■ Required work
Word for word, copy the line containing "- полоску материи" and every line after it in the records below, leaving pictures out.

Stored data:
/---
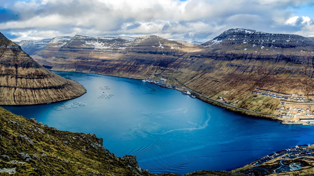 Обои Озеро между гор под красивым небом, Фарерские острова
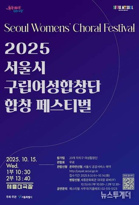 뉴스투게더 김인숙 기자 | 서울시는 깊어가는 가을을 맞아 오는 10월 15일 오전 10시 30분부터 세종문화회관 대극장에서 '2025 서울시 구립여성합창단 합창 페스티벌'을 개최한다. 이번 페스티벌에는 서울시 23개 자치구 여성합창단 700여 명이 무대에 올라, 아름다운 화음으로 시민들에게 잊지 못할 감동과 따뜻한 추억을 선사할 예정이다.
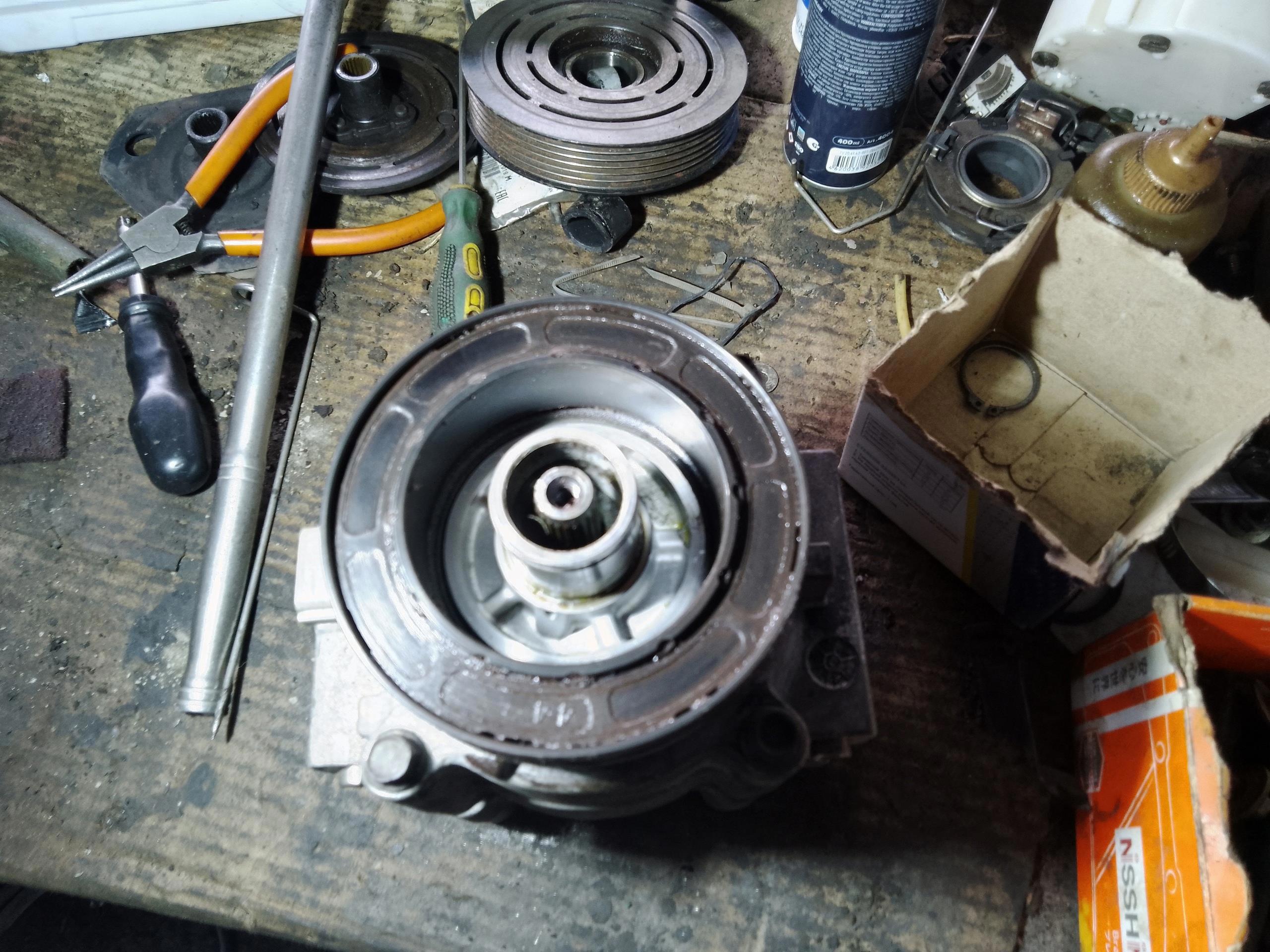 Следующий на очереди - Мазда Трибьют со своим карданом и кондиционером. В прошлый раз владелец свозил кардан к балансировщикам, и они приговорили обе крестовины, а так же отправился разыскивать компрессор кондея, и нашел только к началу этой недели. Правда, косяк в том, что снятый компрессор наелся воды и заклинил. Зато! На нём был целый магнит и шкив с прижимной пластиной.
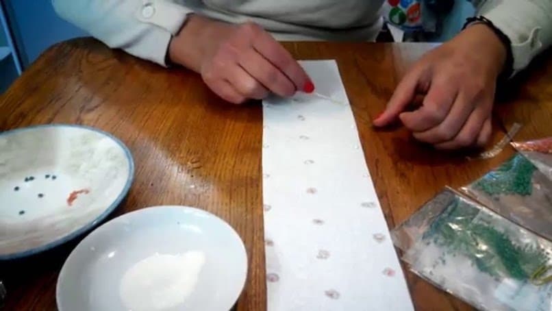 - полоску материи с грунтом и семенами аккуратно сворачивают и перевязывают нитью, но не туго;
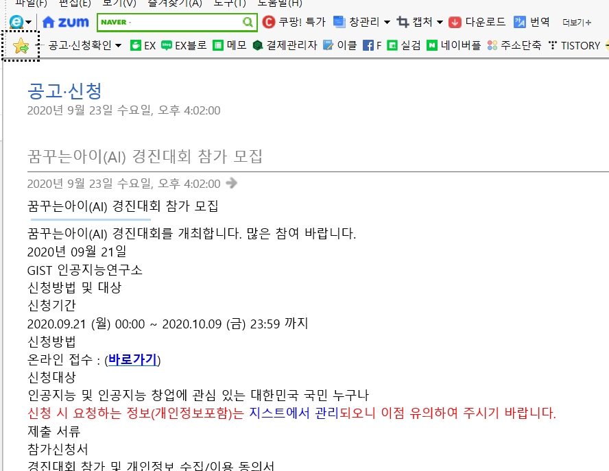익스플로어 즐겨찾기란에 [공고,신청확인] 버튼을 만드는 법을 알려드릴게요.
\---
■ Expected answer
 - полоску материи с грунтом и семенами аккуратно сворачивают и перевязывают нитью, но не туго;
익스플로어 즐겨찾기란에 [공고,신청확인] 버튼을 만드는 법을 알려드릴게요.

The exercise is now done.